- [TASK MATERIAL]
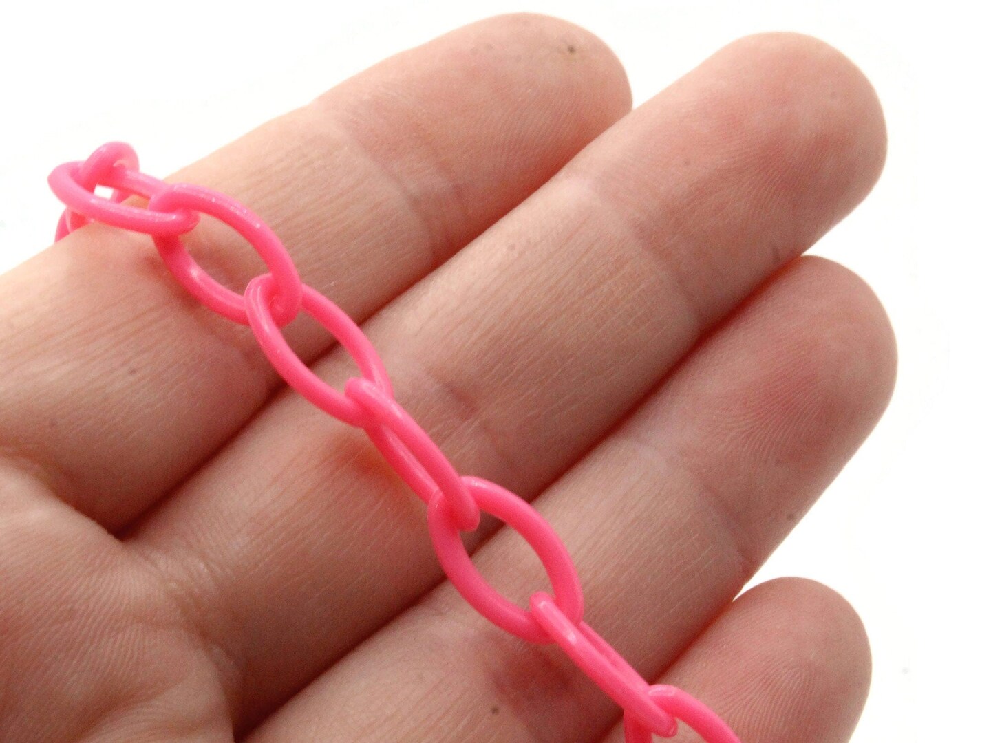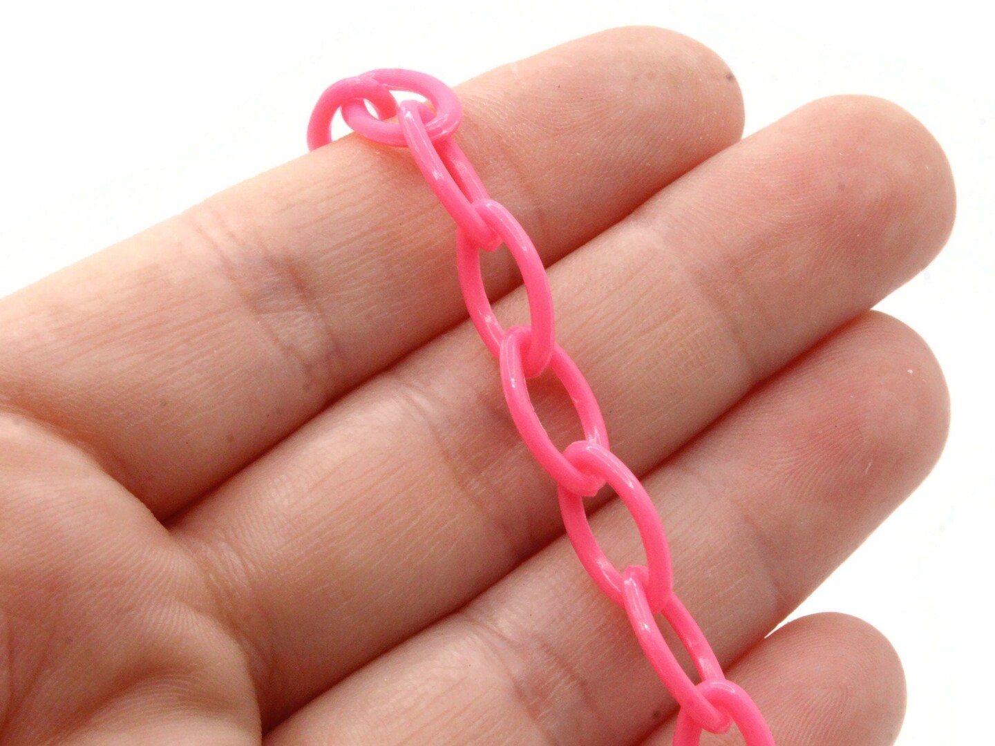 15.75 Inch Hot Pink Plastic Oval Chain - 40cm chain - 13x8mm links
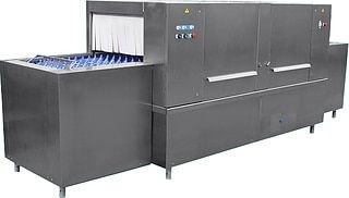 Тоннельная посудомоечная машина ГродТогрМаш ММУ-1000М предназначена для мытья тарелок, стаканов, чашек, столовых приборов и подносов размером не более 530х325 мм на предприятиях общественного питания. Модель оснащена электронной панелью управления.
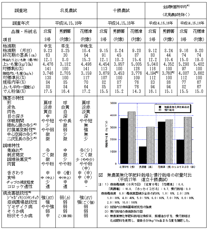 注:1)*1試験箇所数は、「男爵薯」対比はのべ30ヶ所、「花標津」対比はのべ12ヶ所。
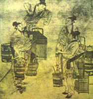 我國以茶為題材的古代繪畫,現(xiàn)存或有文獻記載的多為唐代以后的作品。如唐代的《調琴啜茗圖卷》;南宋劉松年的《斗茶圖卷》;元代趙孟俯的《斗茶圖》;明代唐寅的《事茗圖》,文征明的《惠山茶會圖》、《烹茶圖》,丁云鵬的《玉川煮茶圖》;等等。
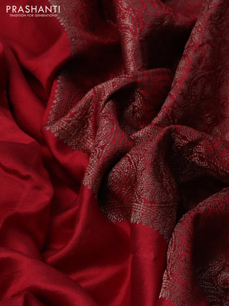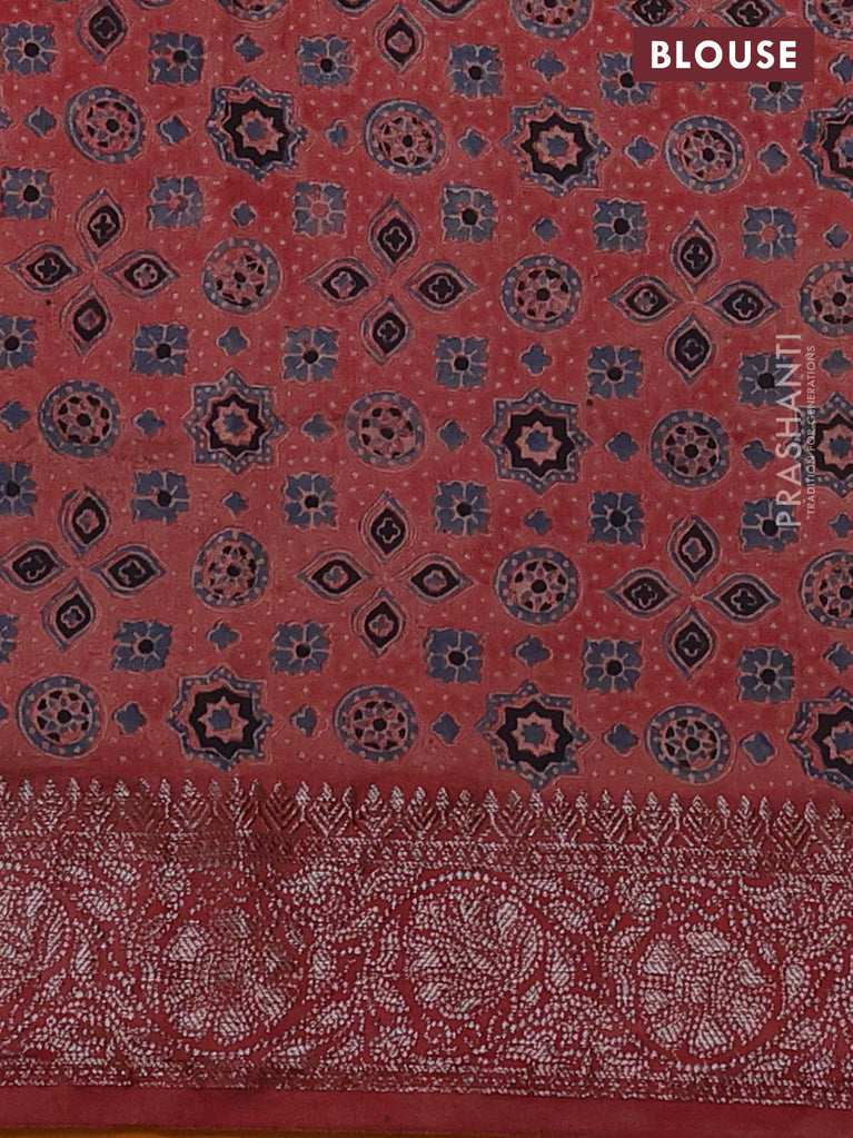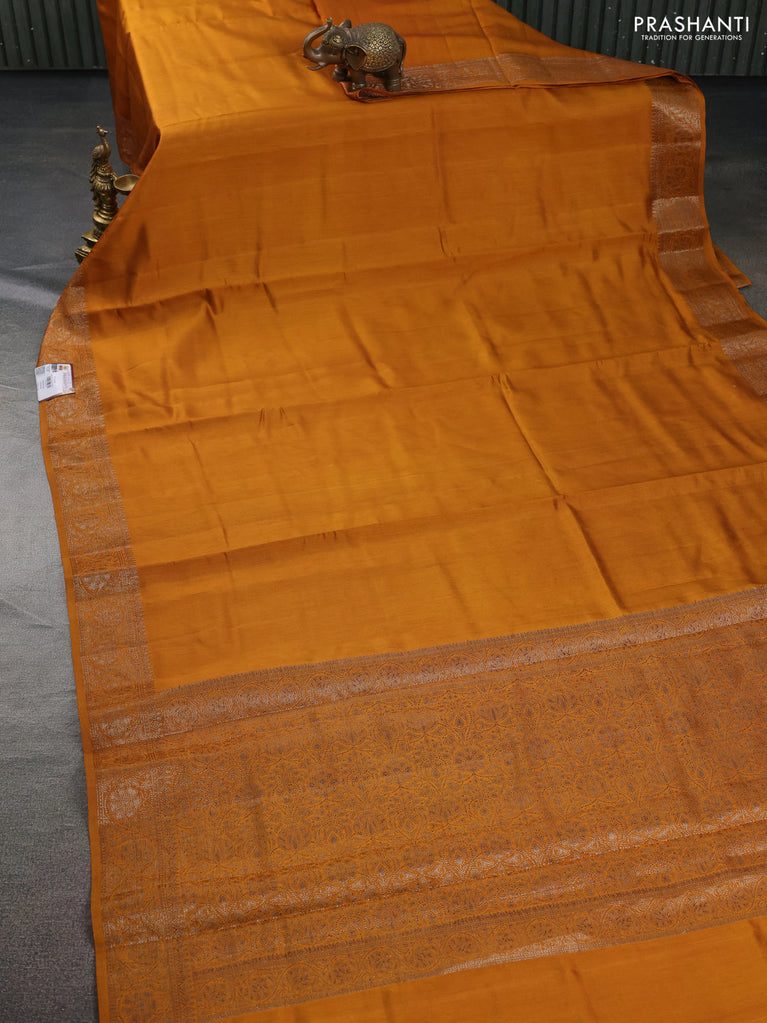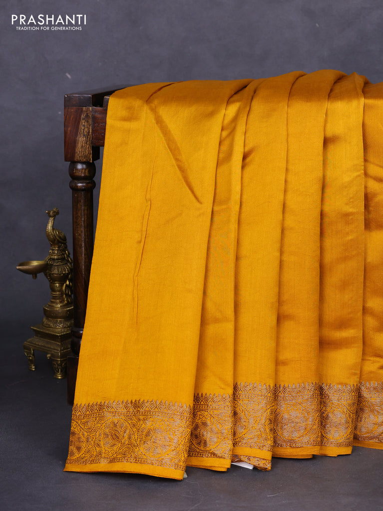 Chiniya silk saree mustard yellow and maroon shade with plain body and woven border
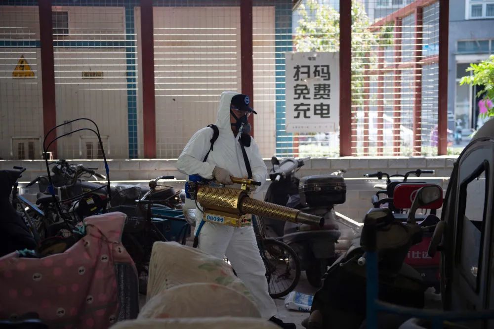 6月16日,北京蓝天救援队队员在丰台区一居民区车棚内进行消杀作业。
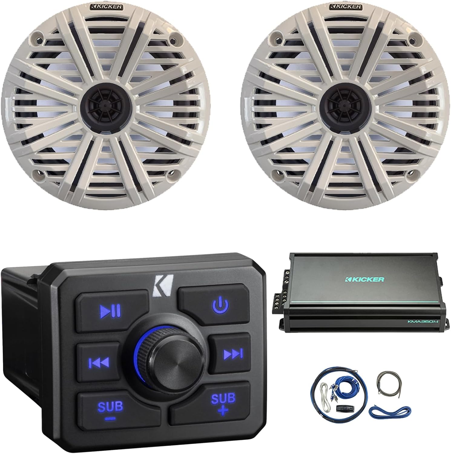 KICKER 51KBTR Marine Bluetooth Powersport USB/AUX Sub RCA Outputs Receiver, 2X 6.5 195W Max Power 4 Ohm Coaxial Speakers W/Grille, 4-Channel Weather-Resistant Full-Range Amplifier W/Kit

- [WHAT YOU SHOULD DO]
Every line above should be transcribed word for word; leave the pictures out.

- [TASK OUTPUT]
 15.75 Inch Hot Pink Plastic Oval Chain - 40cm chain - 13x8mm links
 Тоннельная посудомоечная машина ГродТогрМаш ММУ-1000М предназначена для мытья тарелок, стаканов, чашек, столовых приборов и подносов размером не более 530х325 мм на предприятиях общественного питания. Модель оснащена электронной панелью управления.
 注:1)*1試験箇所数は、「男爵薯」対比はのべ30ヶ所、「花標津」対比はのべ12ヶ所。
 我國以茶為題材的古代繪畫,現(xiàn)存或有文獻記載的多為唐代以后的作品。如唐代的《調琴啜茗圖卷》;南宋劉松年的《斗茶圖卷》;元代趙孟俯的《斗茶圖》;明代唐寅的《事茗圖》,文征明的《惠山茶會圖》、《烹茶圖》,丁云鵬的《玉川煮茶圖》;等等。
 Chiniya silk saree mustard yellow and maroon shade with plain body and woven border
 6月16日,北京蓝天救援队队员在丰台区一居民区车棚内进行消杀作业。
 KICKER 51KBTR Marine Bluetooth Powersport USB/AUX Sub RCA Outputs Receiver, 2X 6.5 195W Max Power 4 Ohm Coaxial Speakers W/Grille, 4-Channel Weather-Resistant Full-Range Amplifier W/Kit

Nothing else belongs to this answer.